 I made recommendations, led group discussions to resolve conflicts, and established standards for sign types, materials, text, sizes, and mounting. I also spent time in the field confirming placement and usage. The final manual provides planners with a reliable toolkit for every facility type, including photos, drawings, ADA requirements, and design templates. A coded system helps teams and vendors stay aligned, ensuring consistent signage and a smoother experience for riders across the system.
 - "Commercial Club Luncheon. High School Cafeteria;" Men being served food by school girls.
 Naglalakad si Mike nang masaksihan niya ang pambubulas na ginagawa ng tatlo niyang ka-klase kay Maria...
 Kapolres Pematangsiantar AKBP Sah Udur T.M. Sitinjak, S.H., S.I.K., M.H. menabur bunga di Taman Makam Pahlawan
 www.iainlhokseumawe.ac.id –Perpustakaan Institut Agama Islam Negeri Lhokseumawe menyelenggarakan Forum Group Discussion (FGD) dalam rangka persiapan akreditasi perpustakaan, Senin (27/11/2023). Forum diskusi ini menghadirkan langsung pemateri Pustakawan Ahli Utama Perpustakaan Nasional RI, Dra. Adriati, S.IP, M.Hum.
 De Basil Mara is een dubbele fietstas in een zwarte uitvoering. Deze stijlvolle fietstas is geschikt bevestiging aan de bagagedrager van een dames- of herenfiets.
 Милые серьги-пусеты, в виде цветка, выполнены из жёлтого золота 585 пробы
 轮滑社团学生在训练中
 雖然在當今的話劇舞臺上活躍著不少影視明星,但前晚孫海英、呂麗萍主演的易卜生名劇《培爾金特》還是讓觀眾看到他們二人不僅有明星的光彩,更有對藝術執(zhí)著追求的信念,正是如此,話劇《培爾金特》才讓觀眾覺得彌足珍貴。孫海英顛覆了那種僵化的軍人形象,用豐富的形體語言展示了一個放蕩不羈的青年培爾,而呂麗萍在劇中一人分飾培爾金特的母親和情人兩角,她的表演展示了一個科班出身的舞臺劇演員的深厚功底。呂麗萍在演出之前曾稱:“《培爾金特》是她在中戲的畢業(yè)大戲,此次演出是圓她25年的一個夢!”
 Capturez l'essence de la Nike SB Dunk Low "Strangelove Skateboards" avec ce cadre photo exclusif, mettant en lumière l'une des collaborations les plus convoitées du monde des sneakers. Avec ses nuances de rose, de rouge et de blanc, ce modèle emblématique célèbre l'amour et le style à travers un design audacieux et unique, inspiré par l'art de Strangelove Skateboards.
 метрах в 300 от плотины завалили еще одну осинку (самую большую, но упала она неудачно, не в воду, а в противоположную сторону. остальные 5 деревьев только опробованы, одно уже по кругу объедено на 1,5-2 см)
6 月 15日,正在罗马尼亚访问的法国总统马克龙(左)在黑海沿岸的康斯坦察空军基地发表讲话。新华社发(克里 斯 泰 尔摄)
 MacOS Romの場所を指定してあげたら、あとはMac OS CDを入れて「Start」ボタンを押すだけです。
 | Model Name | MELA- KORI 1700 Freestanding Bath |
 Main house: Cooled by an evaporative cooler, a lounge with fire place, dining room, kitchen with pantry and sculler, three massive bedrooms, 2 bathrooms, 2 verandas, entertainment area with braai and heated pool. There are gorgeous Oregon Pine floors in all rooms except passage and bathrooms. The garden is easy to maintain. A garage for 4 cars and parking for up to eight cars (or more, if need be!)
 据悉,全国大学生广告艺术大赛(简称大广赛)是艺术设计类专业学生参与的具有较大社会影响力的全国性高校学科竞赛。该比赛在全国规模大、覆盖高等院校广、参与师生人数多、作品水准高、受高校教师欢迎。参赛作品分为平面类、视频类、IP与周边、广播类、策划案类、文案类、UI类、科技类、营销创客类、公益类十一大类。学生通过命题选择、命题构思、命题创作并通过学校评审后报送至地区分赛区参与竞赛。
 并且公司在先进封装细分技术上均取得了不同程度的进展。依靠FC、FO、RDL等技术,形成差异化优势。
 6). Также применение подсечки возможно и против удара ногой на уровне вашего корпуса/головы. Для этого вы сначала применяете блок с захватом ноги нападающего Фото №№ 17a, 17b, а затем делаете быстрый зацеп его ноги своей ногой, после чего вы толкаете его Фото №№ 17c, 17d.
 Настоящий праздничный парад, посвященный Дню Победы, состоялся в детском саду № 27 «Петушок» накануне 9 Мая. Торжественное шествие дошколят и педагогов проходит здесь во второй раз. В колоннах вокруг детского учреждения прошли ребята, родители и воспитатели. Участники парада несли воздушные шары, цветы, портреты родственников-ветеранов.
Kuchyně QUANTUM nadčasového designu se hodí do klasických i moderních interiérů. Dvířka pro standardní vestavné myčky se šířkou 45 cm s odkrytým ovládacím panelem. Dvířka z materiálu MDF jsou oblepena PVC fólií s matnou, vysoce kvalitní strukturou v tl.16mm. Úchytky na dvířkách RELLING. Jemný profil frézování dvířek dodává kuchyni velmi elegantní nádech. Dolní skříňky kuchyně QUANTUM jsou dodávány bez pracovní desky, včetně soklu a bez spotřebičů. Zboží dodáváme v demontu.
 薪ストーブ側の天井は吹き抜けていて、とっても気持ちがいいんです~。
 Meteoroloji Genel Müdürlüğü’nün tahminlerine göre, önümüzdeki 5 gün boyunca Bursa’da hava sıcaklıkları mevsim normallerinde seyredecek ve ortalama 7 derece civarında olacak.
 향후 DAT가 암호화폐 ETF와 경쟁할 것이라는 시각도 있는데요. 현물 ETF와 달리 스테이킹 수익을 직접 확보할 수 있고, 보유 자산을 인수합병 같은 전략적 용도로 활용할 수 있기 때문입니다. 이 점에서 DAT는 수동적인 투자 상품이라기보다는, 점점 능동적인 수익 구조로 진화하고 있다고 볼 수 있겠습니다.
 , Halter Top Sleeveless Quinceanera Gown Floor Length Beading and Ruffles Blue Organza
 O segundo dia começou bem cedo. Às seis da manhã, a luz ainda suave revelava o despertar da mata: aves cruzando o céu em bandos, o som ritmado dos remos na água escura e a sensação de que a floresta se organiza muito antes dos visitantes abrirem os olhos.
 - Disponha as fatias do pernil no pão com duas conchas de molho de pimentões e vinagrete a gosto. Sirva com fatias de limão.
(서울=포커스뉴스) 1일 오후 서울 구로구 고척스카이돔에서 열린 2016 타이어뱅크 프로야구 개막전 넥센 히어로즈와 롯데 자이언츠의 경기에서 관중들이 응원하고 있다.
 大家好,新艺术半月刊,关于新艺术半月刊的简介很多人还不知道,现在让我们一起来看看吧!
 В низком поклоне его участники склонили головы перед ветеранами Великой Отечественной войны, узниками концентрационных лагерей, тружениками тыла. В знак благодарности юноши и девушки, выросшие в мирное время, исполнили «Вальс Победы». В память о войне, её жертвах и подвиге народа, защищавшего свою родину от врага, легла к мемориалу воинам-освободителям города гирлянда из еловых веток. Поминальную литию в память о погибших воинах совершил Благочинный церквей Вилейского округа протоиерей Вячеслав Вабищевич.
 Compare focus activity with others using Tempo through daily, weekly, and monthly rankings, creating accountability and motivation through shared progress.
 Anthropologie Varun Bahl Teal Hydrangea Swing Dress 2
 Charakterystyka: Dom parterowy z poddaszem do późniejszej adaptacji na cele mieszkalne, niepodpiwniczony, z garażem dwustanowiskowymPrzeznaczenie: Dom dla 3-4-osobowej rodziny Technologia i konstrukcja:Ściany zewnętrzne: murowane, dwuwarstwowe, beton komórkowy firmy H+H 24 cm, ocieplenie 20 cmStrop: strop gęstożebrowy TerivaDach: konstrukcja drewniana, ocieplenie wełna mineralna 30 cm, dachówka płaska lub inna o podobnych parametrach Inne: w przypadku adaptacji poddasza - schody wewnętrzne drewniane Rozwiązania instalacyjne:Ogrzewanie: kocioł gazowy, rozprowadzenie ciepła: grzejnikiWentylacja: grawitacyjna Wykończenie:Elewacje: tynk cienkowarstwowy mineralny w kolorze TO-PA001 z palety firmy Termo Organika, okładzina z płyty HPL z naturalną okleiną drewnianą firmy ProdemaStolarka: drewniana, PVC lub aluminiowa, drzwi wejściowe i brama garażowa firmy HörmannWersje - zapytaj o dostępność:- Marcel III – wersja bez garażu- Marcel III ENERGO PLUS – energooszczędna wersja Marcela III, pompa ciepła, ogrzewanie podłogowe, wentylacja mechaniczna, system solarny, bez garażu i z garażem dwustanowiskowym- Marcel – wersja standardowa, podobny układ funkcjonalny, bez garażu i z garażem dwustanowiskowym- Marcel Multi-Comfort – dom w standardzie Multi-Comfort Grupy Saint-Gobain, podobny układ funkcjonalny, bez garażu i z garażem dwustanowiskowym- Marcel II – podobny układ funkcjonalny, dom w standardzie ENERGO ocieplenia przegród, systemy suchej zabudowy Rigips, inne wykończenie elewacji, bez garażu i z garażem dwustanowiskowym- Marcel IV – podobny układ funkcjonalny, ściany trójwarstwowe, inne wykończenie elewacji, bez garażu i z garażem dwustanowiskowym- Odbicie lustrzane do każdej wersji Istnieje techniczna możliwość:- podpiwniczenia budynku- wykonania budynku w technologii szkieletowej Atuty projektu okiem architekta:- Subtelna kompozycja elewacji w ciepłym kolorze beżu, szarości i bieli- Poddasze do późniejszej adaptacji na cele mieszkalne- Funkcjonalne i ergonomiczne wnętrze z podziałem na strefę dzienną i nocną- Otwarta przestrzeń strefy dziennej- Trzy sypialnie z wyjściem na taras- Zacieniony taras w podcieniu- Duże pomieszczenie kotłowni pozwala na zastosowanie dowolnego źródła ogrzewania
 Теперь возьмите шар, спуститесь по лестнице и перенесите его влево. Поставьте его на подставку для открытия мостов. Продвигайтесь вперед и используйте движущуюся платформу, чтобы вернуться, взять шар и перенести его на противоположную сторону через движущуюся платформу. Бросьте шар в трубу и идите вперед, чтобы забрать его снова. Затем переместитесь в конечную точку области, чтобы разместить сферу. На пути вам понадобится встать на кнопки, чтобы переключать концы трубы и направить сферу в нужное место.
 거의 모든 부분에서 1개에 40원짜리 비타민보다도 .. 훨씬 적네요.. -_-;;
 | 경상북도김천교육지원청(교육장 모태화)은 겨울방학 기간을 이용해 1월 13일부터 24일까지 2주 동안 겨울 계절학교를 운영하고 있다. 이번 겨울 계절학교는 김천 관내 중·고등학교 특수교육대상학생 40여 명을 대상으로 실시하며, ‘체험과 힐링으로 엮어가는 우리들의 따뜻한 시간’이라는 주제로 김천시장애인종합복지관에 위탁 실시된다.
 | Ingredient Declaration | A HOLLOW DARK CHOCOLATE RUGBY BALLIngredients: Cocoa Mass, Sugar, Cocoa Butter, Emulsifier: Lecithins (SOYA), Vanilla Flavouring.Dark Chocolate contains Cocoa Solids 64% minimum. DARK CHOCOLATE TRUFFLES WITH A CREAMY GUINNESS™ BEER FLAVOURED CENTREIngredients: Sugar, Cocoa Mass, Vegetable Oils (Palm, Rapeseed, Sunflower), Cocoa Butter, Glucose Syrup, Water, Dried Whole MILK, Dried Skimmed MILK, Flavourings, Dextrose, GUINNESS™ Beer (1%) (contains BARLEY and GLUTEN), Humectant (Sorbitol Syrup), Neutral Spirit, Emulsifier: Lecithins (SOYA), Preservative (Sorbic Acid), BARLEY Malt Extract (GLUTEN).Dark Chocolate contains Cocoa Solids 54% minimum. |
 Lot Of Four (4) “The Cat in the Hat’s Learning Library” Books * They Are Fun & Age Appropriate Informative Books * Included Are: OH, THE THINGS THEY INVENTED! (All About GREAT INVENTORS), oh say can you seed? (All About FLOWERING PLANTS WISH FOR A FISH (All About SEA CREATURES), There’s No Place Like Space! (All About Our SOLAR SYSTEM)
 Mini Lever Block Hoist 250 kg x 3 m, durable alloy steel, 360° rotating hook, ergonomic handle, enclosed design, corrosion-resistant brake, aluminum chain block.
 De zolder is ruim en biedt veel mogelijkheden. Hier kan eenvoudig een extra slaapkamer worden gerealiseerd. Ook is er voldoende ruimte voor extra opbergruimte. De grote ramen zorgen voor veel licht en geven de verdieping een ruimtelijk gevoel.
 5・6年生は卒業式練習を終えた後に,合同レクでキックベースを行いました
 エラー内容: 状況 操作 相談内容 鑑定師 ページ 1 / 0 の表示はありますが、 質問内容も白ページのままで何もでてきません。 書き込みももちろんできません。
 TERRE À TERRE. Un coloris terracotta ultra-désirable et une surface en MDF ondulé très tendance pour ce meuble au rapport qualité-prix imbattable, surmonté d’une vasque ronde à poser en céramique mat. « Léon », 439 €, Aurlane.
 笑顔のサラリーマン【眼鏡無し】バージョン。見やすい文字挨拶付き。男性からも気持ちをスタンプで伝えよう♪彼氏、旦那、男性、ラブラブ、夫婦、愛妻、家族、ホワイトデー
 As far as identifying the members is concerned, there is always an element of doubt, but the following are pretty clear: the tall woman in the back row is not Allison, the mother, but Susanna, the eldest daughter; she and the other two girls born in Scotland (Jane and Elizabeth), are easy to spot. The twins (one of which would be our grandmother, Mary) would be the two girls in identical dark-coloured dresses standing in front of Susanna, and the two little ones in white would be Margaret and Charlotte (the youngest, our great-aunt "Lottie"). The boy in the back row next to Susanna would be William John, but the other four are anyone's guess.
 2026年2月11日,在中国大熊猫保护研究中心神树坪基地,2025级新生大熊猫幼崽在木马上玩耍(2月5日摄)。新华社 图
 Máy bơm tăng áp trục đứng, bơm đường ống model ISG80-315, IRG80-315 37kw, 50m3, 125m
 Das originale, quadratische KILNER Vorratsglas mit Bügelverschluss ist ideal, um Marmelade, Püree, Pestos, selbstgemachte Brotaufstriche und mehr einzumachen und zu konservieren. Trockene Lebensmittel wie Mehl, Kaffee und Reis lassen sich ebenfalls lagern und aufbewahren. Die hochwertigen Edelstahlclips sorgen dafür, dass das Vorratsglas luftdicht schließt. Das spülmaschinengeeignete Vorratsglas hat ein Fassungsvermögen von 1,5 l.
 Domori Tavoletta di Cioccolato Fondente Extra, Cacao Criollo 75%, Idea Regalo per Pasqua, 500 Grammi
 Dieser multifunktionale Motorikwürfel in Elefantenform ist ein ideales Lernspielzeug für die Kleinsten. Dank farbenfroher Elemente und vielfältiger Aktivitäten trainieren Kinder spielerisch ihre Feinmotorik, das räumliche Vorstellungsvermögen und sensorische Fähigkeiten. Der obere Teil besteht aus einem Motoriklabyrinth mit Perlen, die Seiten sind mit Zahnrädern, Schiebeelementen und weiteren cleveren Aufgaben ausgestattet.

____________________

• **Directions for this task**: The expected answer is an exact copy of the lines above, beginning at the line with "MacOS Romの場所を指定してあげたら、あとはMac OS" and ending at the line with "Настоящий праздничный парад, посвященный", with both ends in.

• **Reply**:
 MacOS Romの場所を指定してあげたら、あとはMac OS CDを入れて「Start」ボタンを押すだけです。
 | Model Name | MELA- KORI 1700 Freestanding Bath |
 Main house: Cooled by an evaporative cooler, a lounge with fire place, dining room, kitchen with pantry and sculler, three massive bedrooms, 2 bathrooms, 2 verandas, entertainment area with braai and heated pool. There are gorgeous Oregon Pine floors in all rooms except passage and bathrooms. The garden is easy to maintain. A garage for 4 cars and parking for up to eight cars (or more, if need be!)
 据悉,全国大学生广告艺术大赛(简称大广赛)是艺术设计类专业学生参与的具有较大社会影响力的全国性高校学科竞赛。该比赛在全国规模大、覆盖高等院校广、参与师生人数多、作品水准高、受高校教师欢迎。参赛作品分为平面类、视频类、IP与周边、广播类、策划案类、文案类、UI类、科技类、营销创客类、公益类十一大类。学生通过命题选择、命题构思、命题创作并通过学校评审后报送至地区分赛区参与竞赛。
 并且公司在先进封装细分技术上均取得了不同程度的进展。依靠FC、FO、RDL等技术,形成差异化优势。
 6). Также применение подсечки возможно и против удара ногой на уровне вашего корпуса/головы. Для этого вы сначала применяете блок с захватом ноги нападающего Фото №№ 17a, 17b, а затем делаете быстрый зацеп его ноги своей ногой, после чего вы толкаете его Фото №№ 17c, 17d.
 Настоящий праздничный парад, посвященный Дню Победы, состоялся в детском саду № 27 «Петушок» накануне 9 Мая. Торжественное шествие дошколят и педагогов проходит здесь во второй раз. В колоннах вокруг детского учреждения прошли ребята, родители и воспитатели. Участники парада несли воздушные шары, цветы, портреты родственников-ветеранов.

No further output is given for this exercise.